Этот веселый и ветреный человек, принявший за правило наслаждаться настоящим и смотревший на жизнь только с приятной стороны, в беседах своих с дочерью тюрингских королей был поверенным ее душевных страданий, грустных воспоминаний, к которым сам не чувствовал себя способным[480]. Радегонда дожила до седых волос, не забывая впечатлений своего первого детства, и воспоминания о прошлых днях, проведенных на родине, между своими, приходили ей на память в пятьдесят лет с той живостью и горечью, как и во время ее плена. Она часто говаривала: «Я бедная похищенная женщина», описывала до малейших подробностей сцены отчаяния, убийства и насилия, которых была свидетельницею, а отчасти и жертвою[481]. После стольких лет изгнания и не смотря на совершенную перемену вкусов и привычек, воспоминания домашнего очага и прежние семейные привязанности были для нее предметом почитания и страсти; это была единственная сохранившаяся в ней черта германских нравов и характера. Образ ее родителей, убитых или изгнанных, постоянно был перед нею, несмотря ни на новые ее привязанности, ни на спокойную обстановку. Было нечто бешеное, пылкое, почти дикое в душевных ее порывах к последним отраслям ее рода, к сыну ее дяди, спасшемуся в Констатинополь, к родственникам, рожденным в изгнании, которых она знала только по имени[482]. Эта женщина, любившая на чужбине только то, на чем лежал отпечаток христианства и образованности, вносила в свои патриотические сетования оттенок дикой поэзии, воспоминание народных песней, слышанных ею в деревянных хоромах своих предков или в родимых лесах. Видимые, хотя конечно ослабленные, следы этого встречаются, местами, в некоторых стихотворениях, где итальянский поэт, говоря от имени королевы варваров, старается передать грустные думы ее в том виде, как сам их слышал:
«Я видела женщин, влекомых на рабство, с связанными руками и распущенными косами; одна шла босиком по крови своего мужа, другая наступала на тело своего брата[483]. — У всякого было о чем лить слезы; а я плакала за всех. — Я оплакивала моих покойных родителей и должна оплакивать также и тех, что остались живы. — Когда слезы мои иссякают, тоска не молчит во мне; — шумит ли ветер, я прислушиваюсь, не приносит ли мне он вести, но тень ближних моих не является мне[484]. — Целая бездна отделяет меня от тех, кого люблю больше всего на свете. — Где находятся они?

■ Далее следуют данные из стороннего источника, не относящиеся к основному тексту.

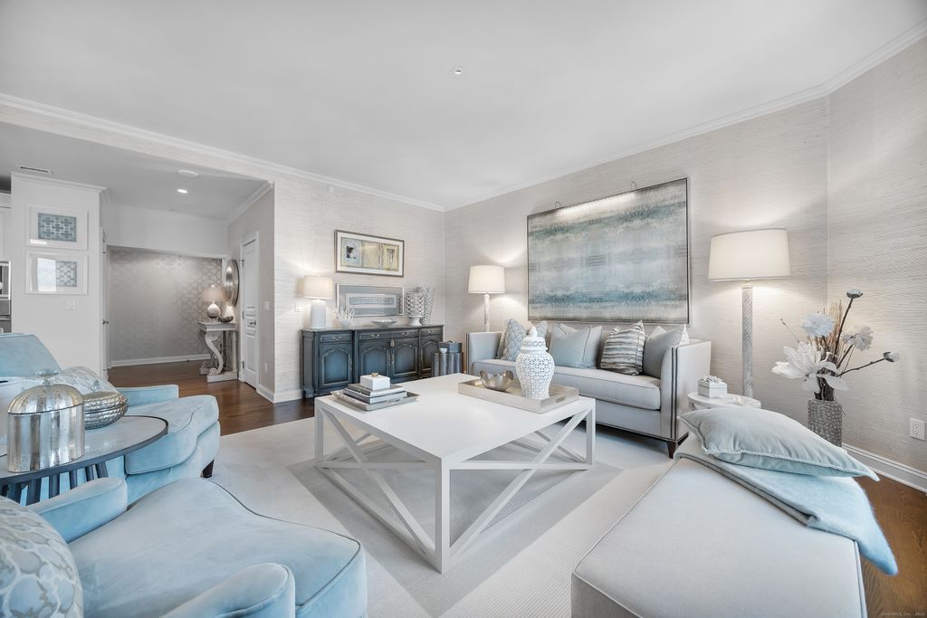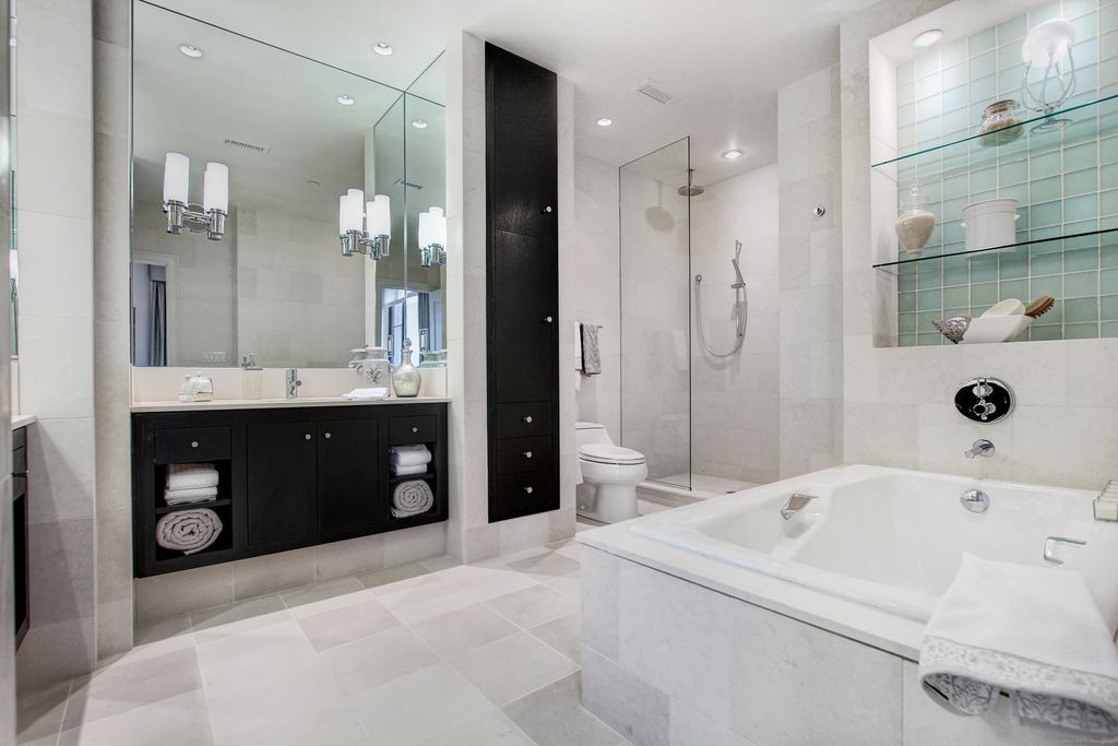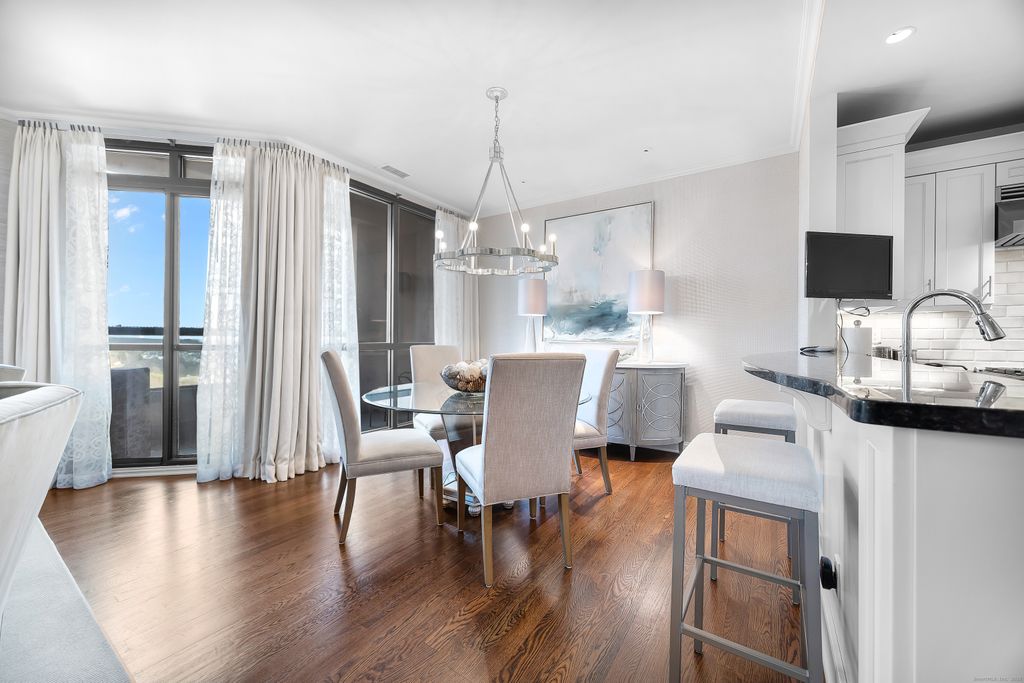 A rare opportunity to live in one of the most distinguished residences within The Renaissance, Shelton's premier luxury high-rise. This exquisite end-unit, Manhattan-inspired condo offers over 2,200 sq ft of elegant living with 2 bedrooms, 2 full baths, a private den, and a sweeping 180 unobstructed panoramic vista through floor-to-ceiling glass. The gourmet kitchen features custom cabinetry, granite counters, breakfast bar, professional-grade stainless appliances, and walk-in pantry, opening to a spacious living/dining area ideal for entertaining. A private terrace captures sunrise views and abundant natural light. Down the hall, pocket doors lead to a serene den with modern fireplace, mirrored accent wall, and dramatic windows overlooking Long Island Sound. The primary suite includes a custom walk-in closet and spa-like bath with dual vanities, soaking tub, and glass shower. The 2nd bedroom with walk-in closet and adjacent full bath offers refined guest accommodations. Residents enjoy top-tier amenities: rooftop pool, gym, sauna, massage suite, meeting room, lounge, grills, dry-clean service, and 24-hour concierge and security. Benefits extend into Corporate Park with cafes, gym, yoga, EV charging, tennis, pickleball, basketball, daycare, and more. Minutes to I-95, Merritt Parkway, Routes 8 & 25, and Shelton's thriving dining scene-with Trader Joe's opening soon downstairs. Also available fully furnished-see MLS number 24142026

Спрашиваю о том у ветра свистящего, спрашивая у облака проходящего: хоть бы какая пташка подала мне о них весточку[485]. — Ах! если б меня не держала святая монастырская ограда, поспешила-б я к ним, когда бы они и не ждали меня. Села-бы на корабль в непогоду; с весельем поплыла бы в бурю. Корабельщики дрожали бы, а я не знала бы страха. Если б корабль разбился, подвязала бы я под себя доску и пустилась бы дальше; если б не могла уловить никакого обломка, то устремилась бы к ним вплавь[486]».